In some embodiments, an alert event root cause recommendation method may be implemented as a computer program tangibly embodied on a computer-readable storage medium, such as storage unit 18. In some embodiments, part or all of the computer program may be loaded and/or installed onto the electronic device 10 via the ROM 12 and/or the communication unit 19. When the computer program is loaded into RAM 13 and executed by processor 11, one or more steps of a method of alert event root recommendation described above may be performed. Alternatively, in other embodiments, the processor 11 may be configured to perform an alarm event root cause recommendation method in any other suitable manner (e.g., by means of firmware).
Various implementations of the systems and techniques described here above may be implemented in digital electronic circuitry, integrated circuit systems, field Programmable Gate Arrays (FPGAs), application Specific Integrated Circuits (ASICs), application Specific Standard Products (ASSPs), systems On Chip (SOCs), load programmable logic devices (CPLDs), computer hardware, firmware, software, and/or combinations thereof. These various embodiments may include: implemented in one or more computer programs, the one or more computer programs may be executed and/or interpreted on a programmable system including at least one programmable processor, which may be a special purpose or general-purpose programmable processor, that may receive data and instructions from, and transmit data and instructions to, a storage system, at least one input device, and at least one output device.

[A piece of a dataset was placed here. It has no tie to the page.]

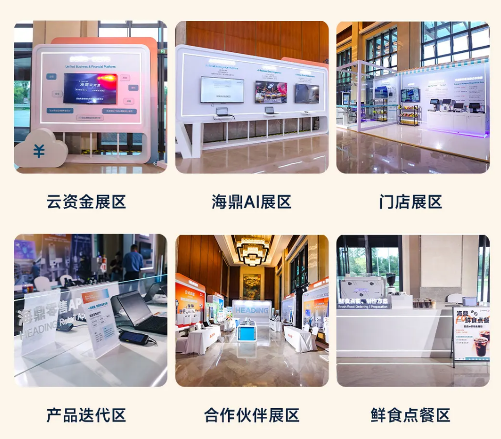 海鼎联合隆玛特、商米、快进商店、辰达物联、中科英泰和易捷通科技等一众优秀合作伙伴,精心打造了生态体验区。该区域通过软硬件深度融合的展示方式,生动呈现了数智化领域的尖端产品与解决方案。海鼎鲜食点餐、制作、无人值守、AI秤、刷掌支付、AI智能补货、AI智能巡检、AI零售智能平台等产品等悉数亮相,为与会者带来了前所未有的场景化、沉浸式体验。

A computer program for carrying out methods of the present invention may be written in any combination of one or more programming languages. These computer programs may be provided to a processor of a general purpose computer, special purpose computer, or other programmable data processing apparatus, such that the computer programs, when executed by the processor, cause the functions/acts specified in the flowchart and/or block diagram block or blocks to be implemented. The computer program may execute entirely on the machine, partly on the machine, as a stand-alone software package, partly on the machine and partly on a remote machine or entirely on the remote machine or server.
In the context of the present invention, a computer-readable storage medium may be a tangible medium that can contain, or store a computer program for use by or in connection with an instruction execution system, apparatus, or device. The computer readable storage medium may include, but is not limited to, an electronic, magnetic, optical, electromagnetic, infrared, or semiconductor system, apparatus, or device, or any suitable combination of the foregoing. Alternatively, the computer readable storage medium may be a machine readable signal medium. More specific examples of a machine-readable storage medium would include an electrical connection based on one or more wires, a portable computer diskette, a hard disk, a Random Access Memory (RAM), a read-only memory (ROM), an erasable programmable read-only memory (EPROM or flash memory), an optical fiber, a portable compact disc read-only memory (CD-ROM), an optical storage device, a magnetic storage device, or any suitable combination of the foregoing.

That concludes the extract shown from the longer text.